Published: Saturday, Aug. 8, 2009 - 12:00 am | Page 6B
Last Modified: Saturday, Aug. 8, 2009 - 10:35 am

The layoffs tapered off in July and the economy seems poised for recovery.

Except in California.

Wall Street and the White House celebrated a relatively upbeat national unemployment report Friday, marked by lower-than-expected job losses in July and an actual dip in the unemployment rate.

But there was little joy in California, where the job loss has been relentless and where economists said the state is likely to lag behind the nation when the upturn gets under way.

One reason is the astonishing depth of California's real estate slump. Though the market is starting to improve, it's done so much damage to construction, consumer spending and other key sectors that recovery will come slowly.

Another reason is the huge drop-off in international trade, which is punishing California's ports. And, for good measure, the state's worst-in-the-nation budget problems will prolong the recession here.

"In California right now, it's really hard to see any areas of strength," said Sung Won Sohn, economist at California State University's Channel Islands campus in Camarillo. "It's hard to be optimistic."

On the national level, there was talk Friday that the recovery might already be under way. The U.S. Labor Department said the economy lost 247,000 jobs last month, the smallest loss since last August and below the private forecasts of 320,000. The unemployment rate fell a tenth of a point, to 9.4 percent, the first decline since April 2008. Previously reported job losses for May and June were revised downward.

Some private forecasters, including Barclays Capital Research and RDQ Economics in New York, declared the recession had probably ended.

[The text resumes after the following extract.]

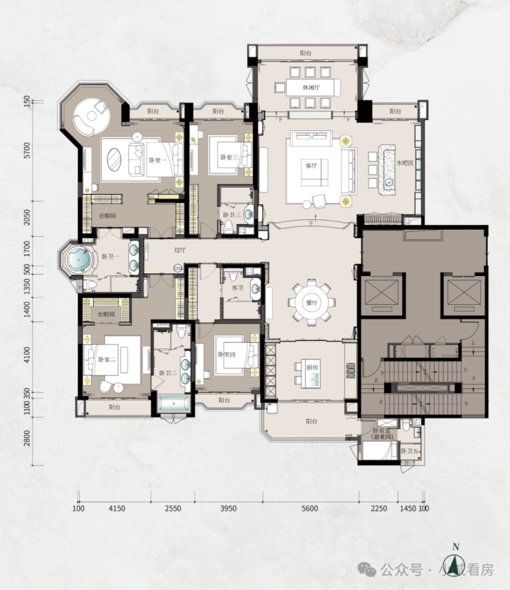 以约 236㎡的 A3 星盈淡雅户型为例,五房三厅五卫的设计,空间布局合理,功能齐全。南北通透的设计,让室内空气流通顺畅,同时奢享江城园景。

Sohn called it the "dawn of an economic recovery."

A more cautious President Barack Obama told reporters in Washington: "The worst may be behind us. Today we're pointed in the right direction."

The stock market continued its rally, with the Dow Jones average climbing 113.81 points to 9,370.07.

Yet most observers believe there's still some pain ahead. The national unemployment rate is likely to climb some more, even if the economy starts growing soon, because employers typically don't hire until they're convinced a recovery is for real.

California economists thought they saw rays of sunshine this spring. The monthly statewide job losses fell from 100,000-plus to a more palatable 60,000 or so.

But since then there's been no further improvement. The California job losses in June, at 66,500, were slightly worse than in May, driving unemployment to 11.6 percent. Sacramento's unemployment rate also came in at 11.6 percent, more than two points higher than the national average.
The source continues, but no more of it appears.